4. Assess your social CRM capabilities.
Undertake a self-assessment to understand how your organization stacks up compared with CRM best practices and identify where you should focus your attention for quick wins. For example, LucidEra knew that as a young Internet company it needed to improve its sales capabilities quickly to meet ambitious growth targets. It focused attention on finding a social buyer data solution to empower its inside sales people with deep insights about prospects in advance of making sales calls.

5. Understand the social CRM solutions landscape.
You must learn to navigate an emerging CRM solutions landscape that includes both traditional solutions and new Social Computing capabilities. For example, Citrix looked for one year to find the right community technology platform and community facilitation vendor to help it realize its vision for interacting and listening to customers using methods beyond its small customer advisory councils and traditional market research techniques.

6. Map out your social CRM capabilities-building plan.
A social CRM plan should be tightly linked to business goals, focused on customer benefits, clearly identify the processes and constituencies that will be affected, and specify the associated information and capabilities required. For example, Dell implemented IdeaStorm to gather new ideas from customers. But it has also systematically defined processes to synthesize the ideas, allocate them to individuals and departments within Dell for further refinement and evaluation, and finally, implement the best concepts.

7. Define your CRM metrics for success.
Exceptional discipline is what sets CRM winners apart from failures. Social CRM comprises both a strategy and a set of tools, but you also need to pay attention to how well you are tracking toward your goals over the long term.
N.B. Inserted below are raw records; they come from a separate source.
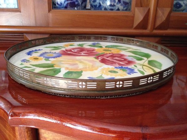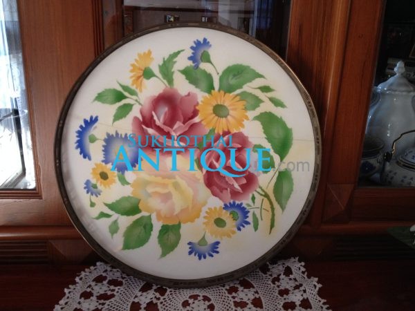 จานกระเบื้อง 16″ รูปดอกไม้ มีรอยร้าวหนึ่งเส้น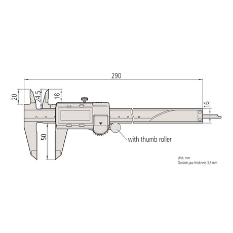 Mitutoyo - 709-20 Calibre digital sin salida de datos o polea de transmisión IP67 0-150 mm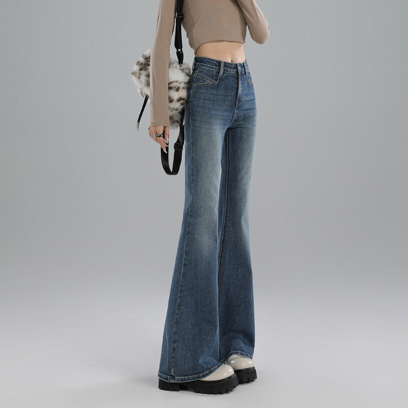 复古色微喇牛仔裤女2025秋季新款高腰弹力喇叭裤复古马蹄裤潮

Establishing the right metrics is part of the discipline that leads to success.

You need traditional CRM metrics like: email marketing offer click-through rates; sales opportunity close ratios; and first-time call resolution ratios) And, you need to think about new social “sentiment” measures like social conversation buzz, reach, and value. P&G calculated that its beinggirl.com site and community is four times more effective than advertising in reaching its target consumers, which provided justification for rolling out the initiative to nearly 30 countries.

William Band
Bill Band is a vice president and principal analyst at Forrester Research. He is a leading expert on CRM topics, having helped organizations define customer-driven strategies to achieve distinction in the marketplace for his entire career. Click here to download free related research from Forrester (free site registration required).

2 COMMENTS

  1. Nice post about what to do when starting with SCRM.

    I have some questions about this, in my opinion SCRM is more than just using social media to communicate with your (potential) customers. SCRM is a strategy and is about interacting with customers and changing the way you behave based on the feedback you receive.

    To implement SCRM in a organization much more has to ben done than the 7 steps you pointed. The organization has to change and has to become customer-centric.

    It is the same with the Voice Of the Customers programs: asking customers what they want/feel will not help you if your company is not ready to adjust to the outcome of it.

    CRM and SCRM should be in the DNA of a company. Everyone working there should be aware of the dialogue with the customers. To achieve this much more has to be done than these 7 steps (wich are great if you want to start using social media as a channel, just like e-mail, phone, etc)

  2. Ludo,
    Good points. I agree. Can you suggest “seven steps” for inculcating “customer-centric” DNA into an organization? That has been a holy grail in the CRM community for many years.

    Have things changed in this regard with the emergence of SCRM?